I am ‘woke’ to the argument that my ability to forgo social media is an act of privilege. I do not rely on social media platforms to ensure my voice is heard, to give me a platform in an otherwise platform-less society or to amplify my message. In my day-to-day life I have a voice, a platform and have the privilege to be able to speak and be listened to. My one worry in stepping away from social media is that I will cut myself off from voices that I need to hear, that will challenge and refine my thinking. That’s why I signed up to Medium. I know there are issues with Medium – there are issues with everything (and I am aware that it could be regarded as a form of ‘social media’), but, that being accepted, reading longer form pieces from writers I would otherwise never hear from seems to me to be a good way of ensuring that I am not cutting myself off from a vital source of learning. Most of what I read on there I disagree with, that has to be a good thing. I also read newspapers, but the issue there is one of privilege again. Journalists are, almost exclusively, white and middle-class. While they may write about other groups, they do so from their own vantage point which is too much like my own to be of any use to be.

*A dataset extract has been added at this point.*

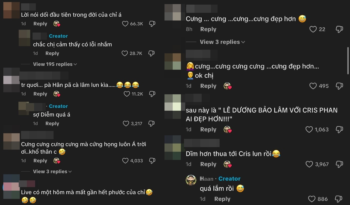Trong một video trích đoạn đang được chia sẻ rầm rộ trên TikTok, Lê Dương Bảo Lâm và Hân Nguyễn đã chào đón sự góp mặt đặc biệt của Cris Phan, khiến khán phòng livestream thêm phần náo nhiệt. Sau đó, Lê Dương Bảo Lâm đã hỏi Hân Nguyễn rằng giữa anh và Cris Phan, ai đẹp trai hơn.

So, here I am, in social-media-less world writing a blog post. There is something pathetically hipster about the whole process; something deliberately and affectedly counter-cultural. Alas, it is what it is. Sitting here and putting my thoughts down in a longer form does two things: it helps me to clarify what I am thinking, and; it (hopefully) is pleasurable for you to receive. Writing in longer form is something I have always enjoyed; it gives one the change to exchange and build on ideas in a way that is different to other forms of communication. Note I didn’t say superior, just different.